Kurdish activists hold portraits and music instruments Dec. 26, at the site where three women Kurdish activists were found shot dead in 2013, in Paris. A 69-year-old Frenchman is facing preliminary charges of racially motivated murder, attempted murder and weapons violations over the December 23rd shooting, prosecutors said. The shooting shocked and infuriated the Kurdish community in France. Photo: Lewis Joly/AP

PARIS—Members of France’s Kurdish community and others held a silent march to honor three people killed in a shooting at a Kurdish cultural center in Paris that prosecutors say was motivated by racism.

Turkey summoned France’s ambassador Dec. 26 over what it called “black propaganda” by Kurdish activists after the shooting. Some have marched in Paris with flags of the banned Kurdistan Workers’ Party (PKK), or suggested that Turkey was linked to the shooting.
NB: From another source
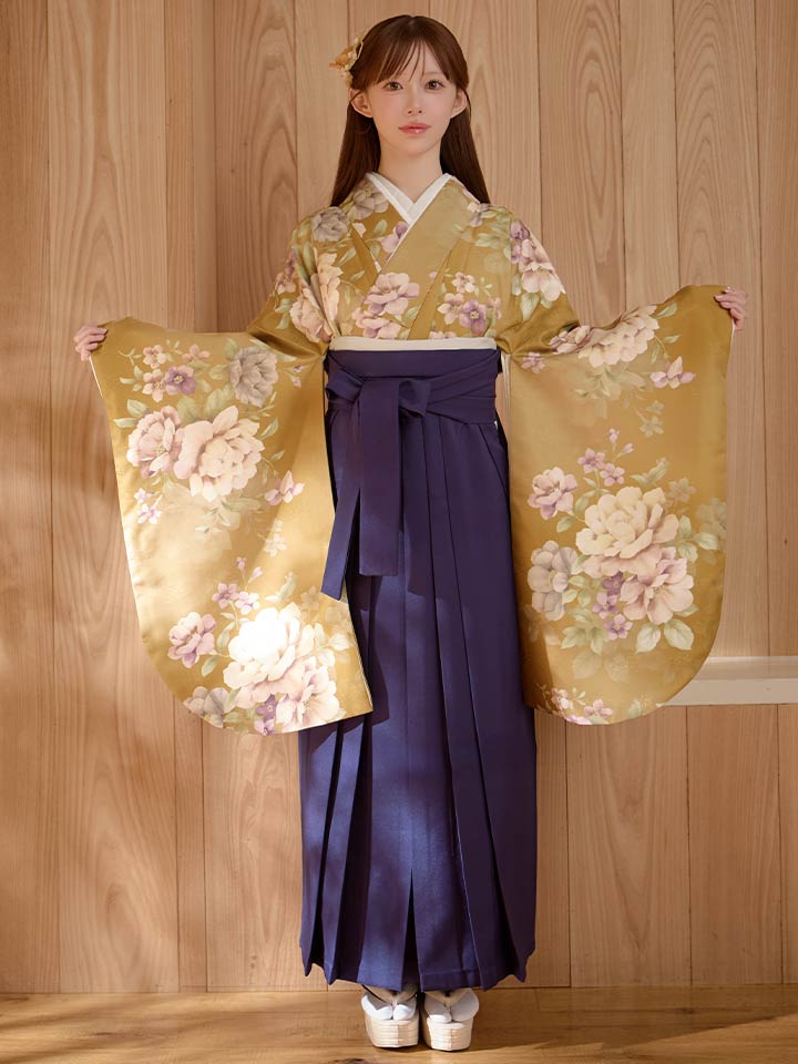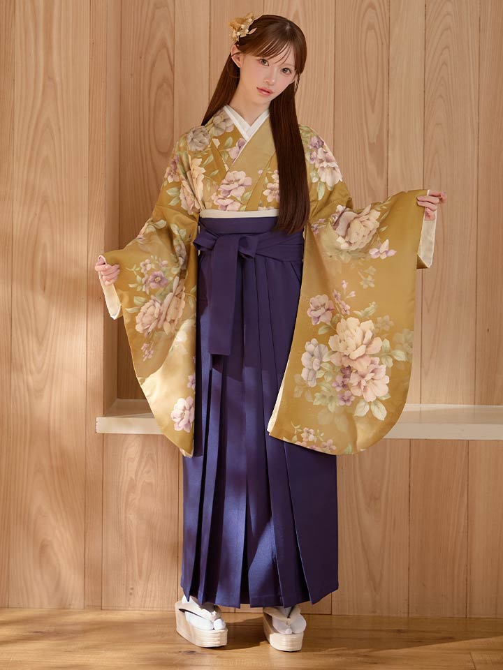 【即日発送】黄フラワーブーケ イエロー二尺袖着物【卒業袴3点セット 二尺袖着物/帯/袴】[FB01] [HR-113-ok-MUS-F-26CC-260110]

A 69-year-old Frenchman was handed preliminary charges Dec. 26 of racially motivated murder and weapons violations over the Dec. 23 shooting, the Paris prosecutor’s office said. The suspect told investigators that he had wanted to kill migrants or foreigners and then had planned to kill himself, and said he had a “pathological” hatred of non-European foreigners, according to prosecutors.

He was briefly put in psychiatric care, but then returned to ordinary police custody. The suspect’s name hasn’t been officially released though he is identified by French media as William K.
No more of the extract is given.